> About this task: Beginning with the line that holds "Ogólny wygląd kabiny" and finishing with the line that holds "Det förklarar lukten", repeat the listing exactly, leaving every picture out.

> Extracted information:
....................

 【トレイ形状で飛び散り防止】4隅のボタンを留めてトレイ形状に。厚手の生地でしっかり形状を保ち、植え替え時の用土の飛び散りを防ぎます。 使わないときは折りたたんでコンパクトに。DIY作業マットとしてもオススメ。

....................

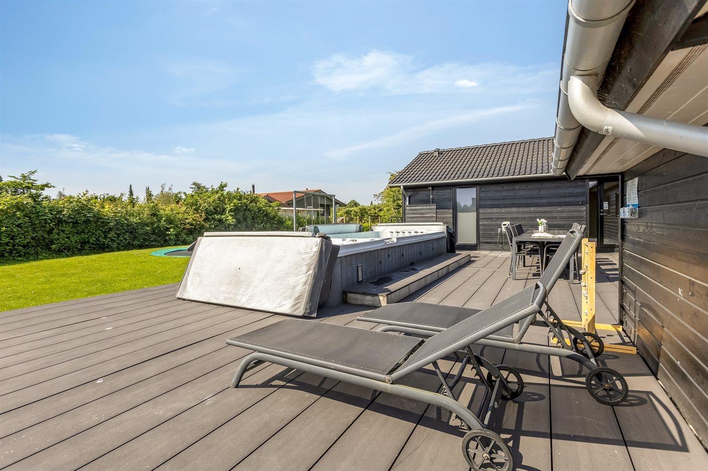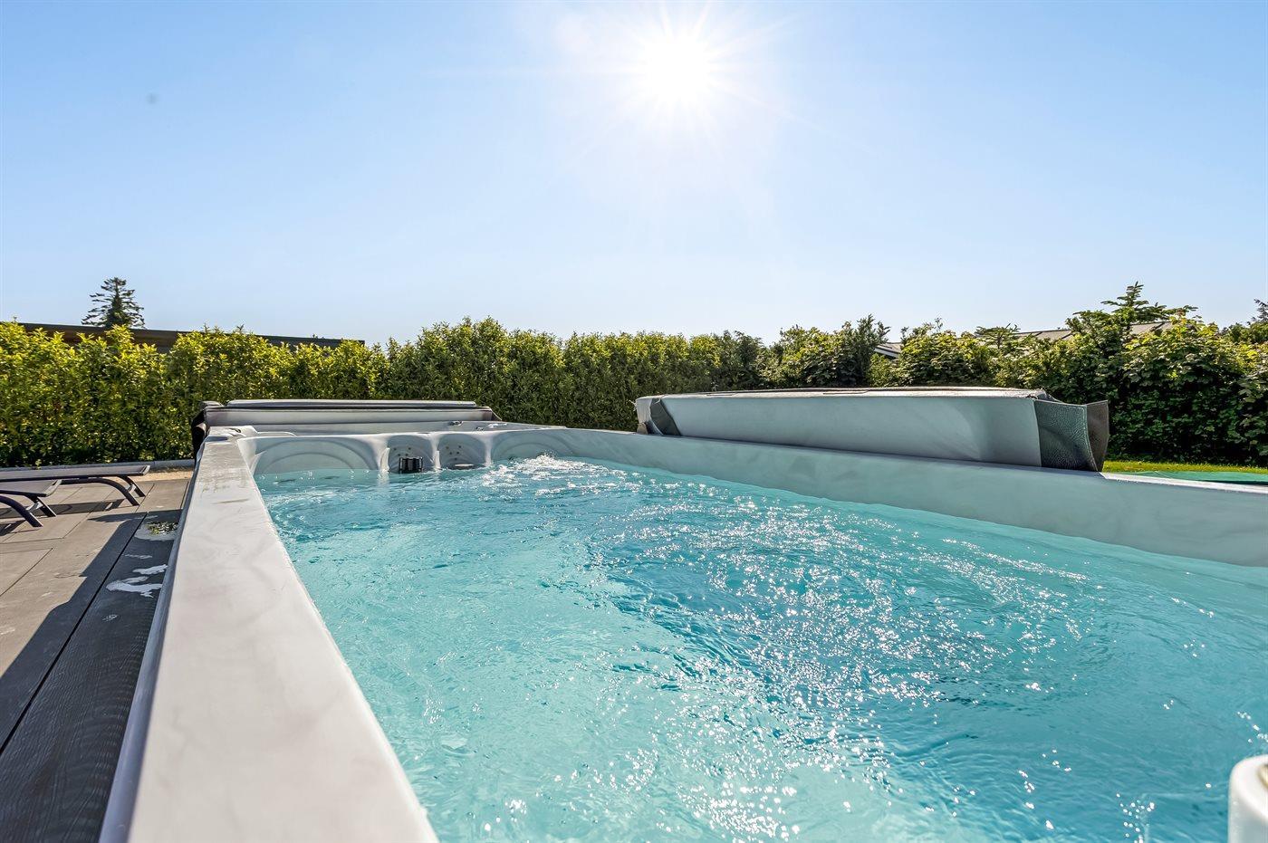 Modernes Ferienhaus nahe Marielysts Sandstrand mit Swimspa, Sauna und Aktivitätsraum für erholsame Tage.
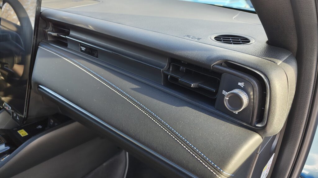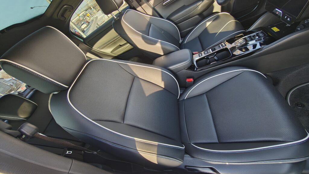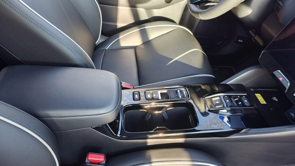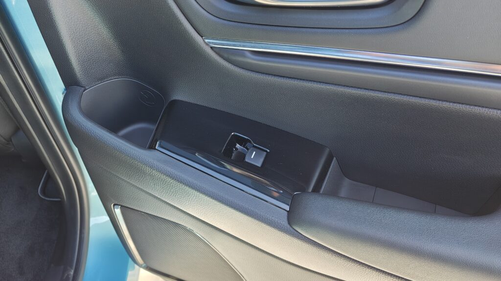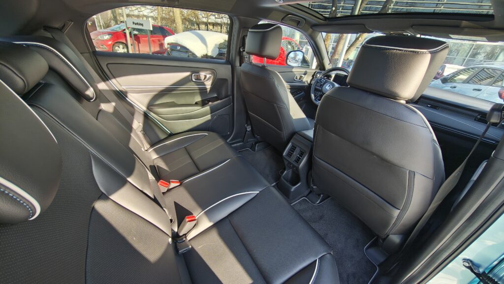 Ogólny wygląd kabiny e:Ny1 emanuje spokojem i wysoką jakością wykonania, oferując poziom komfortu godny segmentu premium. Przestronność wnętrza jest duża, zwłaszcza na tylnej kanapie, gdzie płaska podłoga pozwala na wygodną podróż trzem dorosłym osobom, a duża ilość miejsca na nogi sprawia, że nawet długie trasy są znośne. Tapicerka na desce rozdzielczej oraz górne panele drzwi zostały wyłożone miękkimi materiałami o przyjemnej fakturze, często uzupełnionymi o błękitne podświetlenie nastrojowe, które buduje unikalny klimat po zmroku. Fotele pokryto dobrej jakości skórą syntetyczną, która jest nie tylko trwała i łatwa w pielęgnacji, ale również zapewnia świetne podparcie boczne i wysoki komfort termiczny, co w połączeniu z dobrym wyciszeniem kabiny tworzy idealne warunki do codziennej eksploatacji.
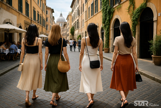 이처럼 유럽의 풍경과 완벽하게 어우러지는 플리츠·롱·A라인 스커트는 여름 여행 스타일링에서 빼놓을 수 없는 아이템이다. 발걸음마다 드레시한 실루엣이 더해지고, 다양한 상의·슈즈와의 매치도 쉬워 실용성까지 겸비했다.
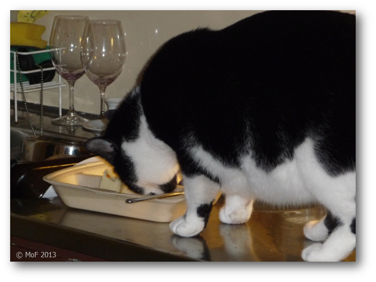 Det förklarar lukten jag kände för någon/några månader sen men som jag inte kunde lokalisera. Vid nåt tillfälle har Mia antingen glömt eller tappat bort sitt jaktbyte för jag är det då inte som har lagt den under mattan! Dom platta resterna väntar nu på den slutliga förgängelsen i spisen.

....................

> Written reply:
 Ogólny wygląd kabiny e:Ny1 emanuje spokojem i wysoką jakością wykonania, oferując poziom komfortu godny segmentu premium. Przestronność wnętrza jest duża, zwłaszcza na tylnej kanapie, gdzie płaska podłoga pozwala na wygodną podróż trzem dorosłym osobom, a duża ilość miejsca na nogi sprawia, że nawet długie trasy są znośne. Tapicerka na desce rozdzielczej oraz górne panele drzwi zostały wyłożone miękkimi materiałami o przyjemnej fakturze, często uzupełnionymi o błękitne podświetlenie nastrojowe, które buduje unikalny klimat po zmroku. Fotele pokryto dobrej jakości skórą syntetyczną, która jest nie tylko trwała i łatwa w pielęgnacji, ale również zapewnia świetne podparcie boczne i wysoki komfort termiczny, co w połączeniu z dobrym wyciszeniem kabiny tworzy idealne warunki do codziennej eksploatacji.
 이처럼 유럽의 풍경과 완벽하게 어우러지는 플리츠·롱·A라인 스커트는 여름 여행 스타일링에서 빼놓을 수 없는 아이템이다. 발걸음마다 드레시한 실루엣이 더해지고, 다양한 상의·슈즈와의 매치도 쉬워 실용성까지 겸비했다.
 Det förklarar lukten jag kände för någon/några månader sen men som jag inte kunde lokalisera. Vid nåt tillfälle har Mia antingen glömt eller tappat bort sitt jaktbyte för jag är det då inte som har lagt den under mattan! Dom platta resterna väntar nu på den slutliga förgängelsen i spisen.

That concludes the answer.